MATERIAL FOR THIS EXERCISE →
___

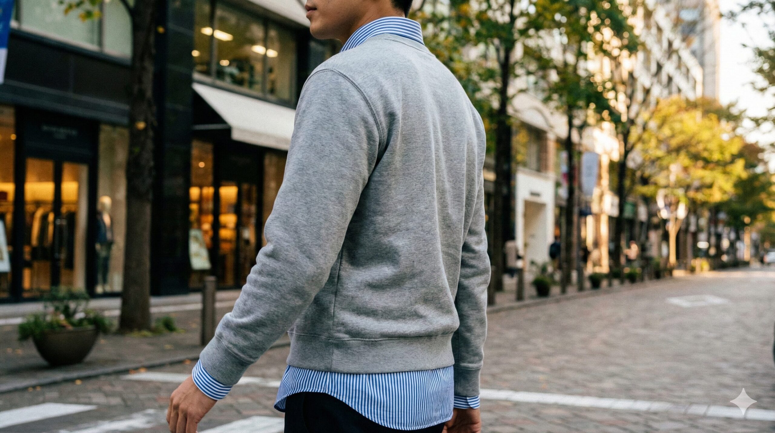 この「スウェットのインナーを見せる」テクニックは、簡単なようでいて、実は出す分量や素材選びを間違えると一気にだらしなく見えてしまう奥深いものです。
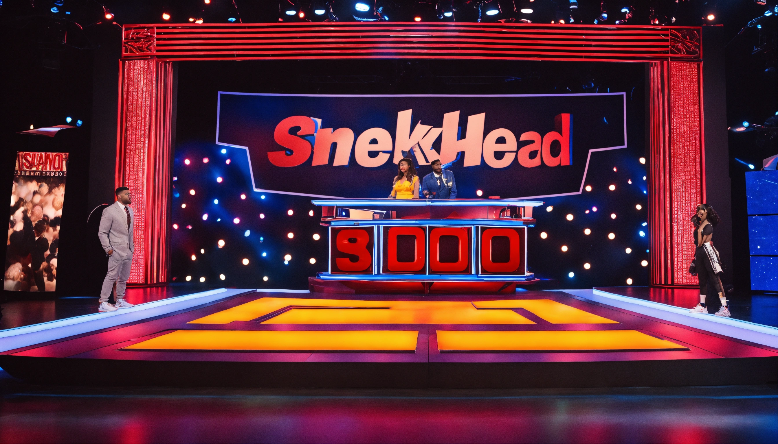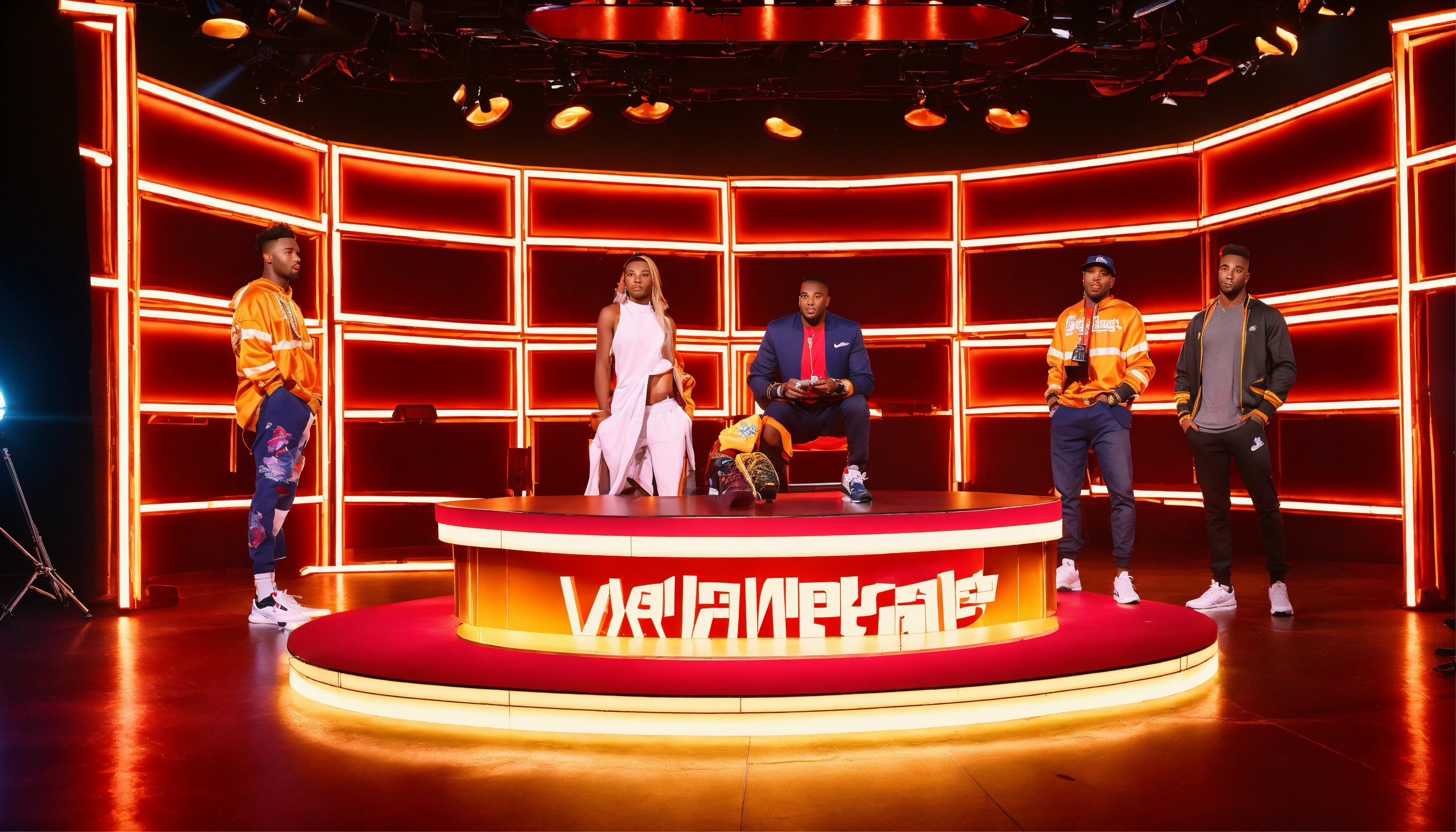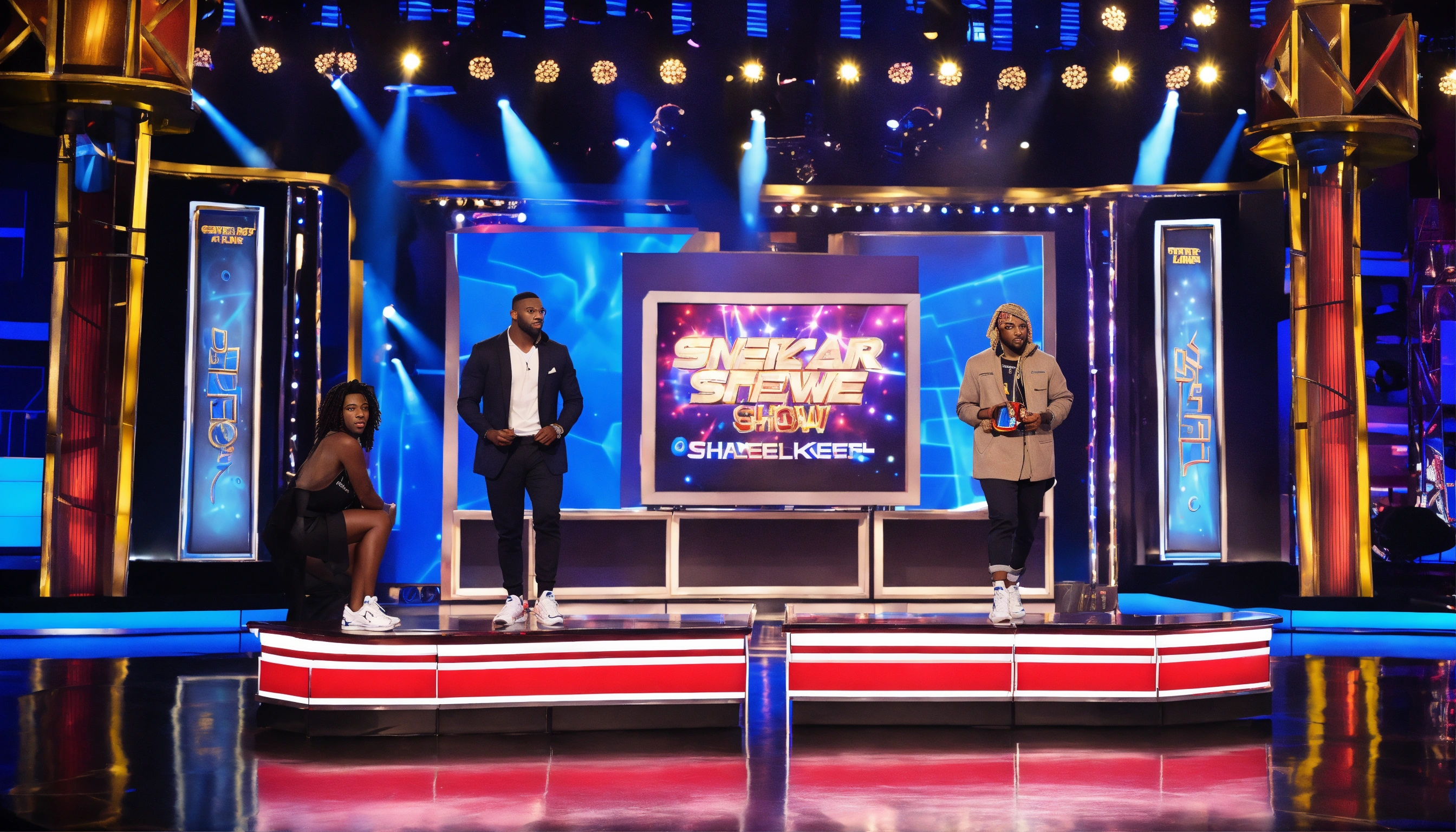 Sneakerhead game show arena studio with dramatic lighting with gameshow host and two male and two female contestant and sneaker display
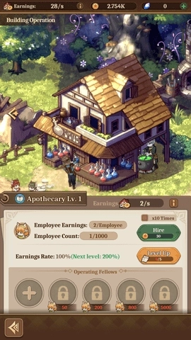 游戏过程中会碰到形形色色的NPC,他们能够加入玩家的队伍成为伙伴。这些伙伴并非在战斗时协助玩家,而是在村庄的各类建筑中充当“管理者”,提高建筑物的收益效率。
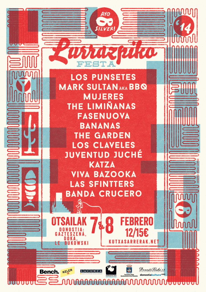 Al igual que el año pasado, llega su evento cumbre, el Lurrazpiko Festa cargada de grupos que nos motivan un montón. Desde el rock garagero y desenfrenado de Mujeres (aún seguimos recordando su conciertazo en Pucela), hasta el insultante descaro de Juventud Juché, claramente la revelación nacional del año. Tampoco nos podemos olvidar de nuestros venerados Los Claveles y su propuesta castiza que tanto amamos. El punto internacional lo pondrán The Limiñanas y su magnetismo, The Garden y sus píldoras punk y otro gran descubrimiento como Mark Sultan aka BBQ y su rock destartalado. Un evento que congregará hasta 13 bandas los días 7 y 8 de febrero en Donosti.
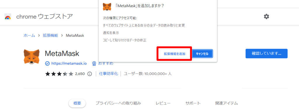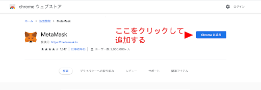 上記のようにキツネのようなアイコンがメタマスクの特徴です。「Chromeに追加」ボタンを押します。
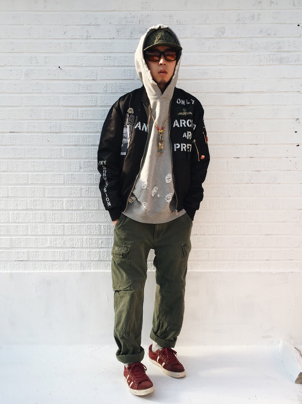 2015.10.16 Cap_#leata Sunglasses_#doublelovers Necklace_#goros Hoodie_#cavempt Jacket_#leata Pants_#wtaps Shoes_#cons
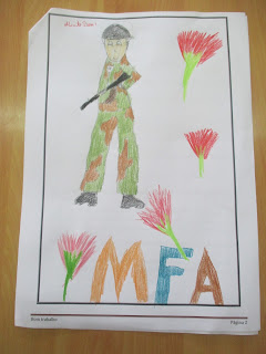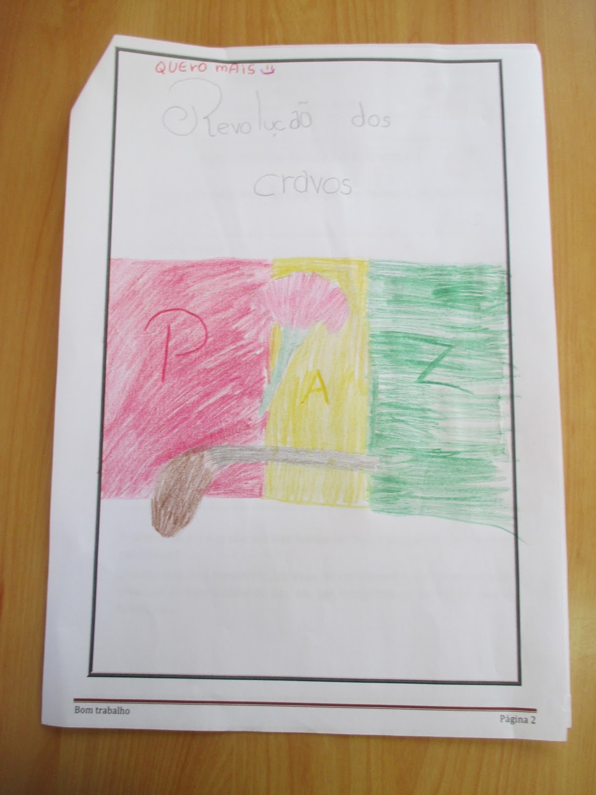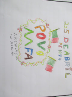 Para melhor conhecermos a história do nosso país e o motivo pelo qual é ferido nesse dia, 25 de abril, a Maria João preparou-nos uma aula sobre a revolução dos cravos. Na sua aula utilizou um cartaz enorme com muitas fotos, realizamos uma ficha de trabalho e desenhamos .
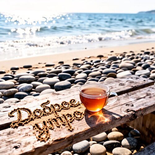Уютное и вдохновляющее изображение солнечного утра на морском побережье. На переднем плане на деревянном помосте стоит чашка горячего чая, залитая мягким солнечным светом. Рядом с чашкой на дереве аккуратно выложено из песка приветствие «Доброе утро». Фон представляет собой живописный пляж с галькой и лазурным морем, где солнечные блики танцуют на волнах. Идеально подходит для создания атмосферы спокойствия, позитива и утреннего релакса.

___

Reproduce the material word for word, but without its images.

 この「スウェットのインナーを見せる」テクニックは、簡単なようでいて、実は出す分量や素材選びを間違えると一気にだらしなく見えてしまう奥深いものです。
 Sneakerhead game show arena studio with dramatic lighting with gameshow host and two male and two female contestant and sneaker display
 游戏过程中会碰到形形色色的NPC,他们能够加入玩家的队伍成为伙伴。这些伙伴并非在战斗时协助玩家,而是在村庄的各类建筑中充当“管理者”,提高建筑物的收益效率。
 Al igual que el año pasado, llega su evento cumbre, el Lurrazpiko Festa cargada de grupos que nos motivan un montón. Desde el rock garagero y desenfrenado de Mujeres (aún seguimos recordando su conciertazo en Pucela), hasta el insultante descaro de Juventud Juché, claramente la revelación nacional del año. Tampoco nos podemos olvidar de nuestros venerados Los Claveles y su propuesta castiza que tanto amamos. El punto internacional lo pondrán The Limiñanas y su magnetismo, The Garden y sus píldoras punk y otro gran descubrimiento como Mark Sultan aka BBQ y su rock destartalado. Un evento que congregará hasta 13 bandas los días 7 y 8 de febrero en Donosti.
 上記のようにキツネのようなアイコンがメタマスクの特徴です。「Chromeに追加」ボタンを押します。
 2015.10.16 Cap_#leata Sunglasses_#doublelovers Necklace_#goros Hoodie_#cavempt Jacket_#leata Pants_#wtaps Shoes_#cons
 Para melhor conhecermos a história do nosso país e o motivo pelo qual é ferido nesse dia, 25 de abril, a Maria João preparou-nos uma aula sobre a revolução dos cravos. Na sua aula utilizou um cartaz enorme com muitas fotos, realizamos uma ficha de trabalho e desenhamos .
Уютное и вдохновляющее изображение солнечного утра на морском побережье. На переднем плане на деревянном помосте стоит чашка горячего чая, залитая мягким солнечным светом. Рядом с чашкой на дереве аккуратно выложено из песка приветствие «Доброе утро». Фон представляет собой живописный пляж с галькой и лазурным морем, где солнечные блики танцуют на волнах. Идеально подходит для создания атмосферы спокойствия, позитива и утреннего релакса.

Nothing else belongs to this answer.